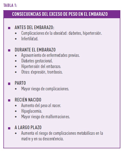 En España, según las últimas estadísticas, la obesidad afecta al 18,7% de los adultos (el 18% de las mujeres). Se han descrito más de 200 complicaciones relacionadas con la obesidad: diabetes, hipertensión, enfermedades articulares, problemas respiratorios, aumento del riesgo de tumores, entre otras. En cuanto a la salud de la mujer, se relaciona estrechamente con el síndrome de ovario poliquístico y aumenta el riesgo de infertilidad y de complicaciones durante el embarazo (1-3). Se estima que la mitad de las mujeres embarazadas en España tienen sobrepeso u obesidad y el 8,3% tiene obesidad grave (IMC > 35 kg/m2). La tabla 1 muestra las complicaciones más importantes de la obesidad durante el embarazo.
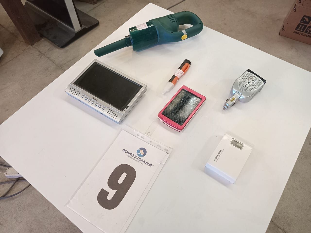 LOTE 09: Un cargador universal Power Bank. Un cargador solar 10,000 Mah DM. Un inversor de corriente alterna 150watt, 17EV35D. Un medidor de corriente alterna. Una mini aspiradora. Un mini TV Hitech. (Retiro en Sede Rzs)
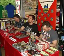 From left to right: writers Scott Snyder and Kyle Higgins, and artist Trevor McCarthy at a signing for issue #1 at Midtown Comics in Manhattan, May 19, 2011.

───

With the pictures set aside, write out the whole listing exactly.

 En España, según las últimas estadísticas, la obesidad afecta al 18,7% de los adultos (el 18% de las mujeres). Se han descrito más de 200 complicaciones relacionadas con la obesidad: diabetes, hipertensión, enfermedades articulares, problemas respiratorios, aumento del riesgo de tumores, entre otras. En cuanto a la salud de la mujer, se relaciona estrechamente con el síndrome de ovario poliquístico y aumenta el riesgo de infertilidad y de complicaciones durante el embarazo (1-3). Se estima que la mitad de las mujeres embarazadas en España tienen sobrepeso u obesidad y el 8,3% tiene obesidad grave (IMC > 35 kg/m2). La tabla 1 muestra las complicaciones más importantes de la obesidad durante el embarazo.
 LOTE 09: Un cargador universal Power Bank. Un cargador solar 10,000 Mah DM. Un inversor de corriente alterna 150watt, 17EV35D. Un medidor de corriente alterna. Una mini aspiradora. Un mini TV Hitech. (Retiro en Sede Rzs)
 From left to right: writers Scott Snyder and Kyle Higgins, and artist Trevor McCarthy at a signing for issue #1 at Midtown Comics in Manhattan, May 19, 2011.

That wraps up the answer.